Wednesday, November 29, 2006

Sweet moments

Every Christmas, I would 'help' my grandma (Mama) make sweets. She made some (milk cream, neuris (karanji), kulkuls, dal sweet, once she made nankhatai) and we bought some (marzipan, baskets and rose cookies) every year till she died, after which we only bought sweets.
We usually began operations two weeks before Christmas, with me helping to stir the dal sweet (and clean the pan and spoon later by scraping and licking it clean) and assembling the individual neuris by filling the dough circles with coconut and raisins.
While doing this last job, I would announce: "I'll make one (neuri), and eat one (raisin - which I loved), only to have my grandma swoop down on me and warn me sternly against it.
Another job I really liked was rolling kulkuls on a comb or the red mould we acquired later. This was the safest thing to give me to do, my grandma realised, as I would never deign to eat them till they had been swirled in the sugar syrup - the last stage of the operation - before they were done.

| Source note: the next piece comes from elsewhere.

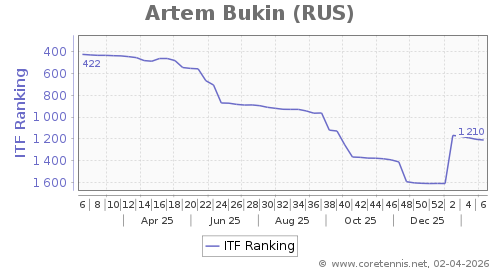 | 1210 | Artem Bukin(RUS) | 7 | 400 | 283 | Graph |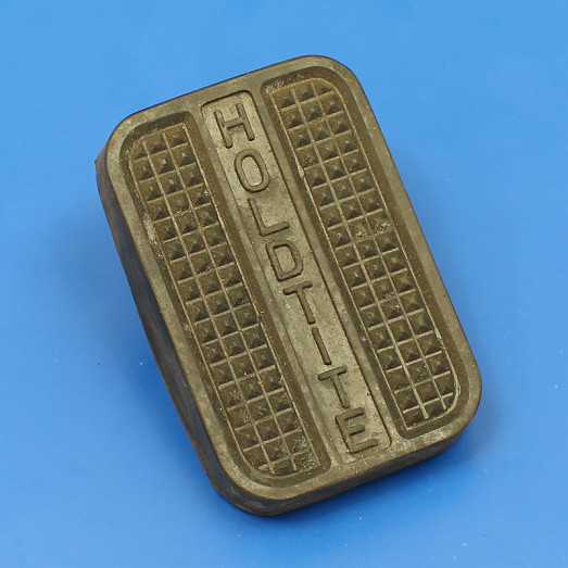 Clutch and Brake Pedal Rubber. Equivalent to original Holdtite pattern No.19. Oblong shape. Internal recess for pedal size 1 9/16" x 2 9/16". Overall size 1 15/16" x 2 7/8". Aperture 1 3/8" x 2 3/8" (with 1/4" notch at base). Original applications include - Ford, Hillman, Morris, Renault, Singer, Sunbeam, Volkswagen

The other poignant memory I have of this time is of watching my grandma like a hawk after she came back with our order of sweets, to see where she was hiding them. Poor thing, the house only had so many hidey holes, so my sister and I would discover them sooner or later, and then gleefully wolf down some sweeties, which tasted even better as an illict pleasure than on Christmas morning, when we were lawfully allowed to have them.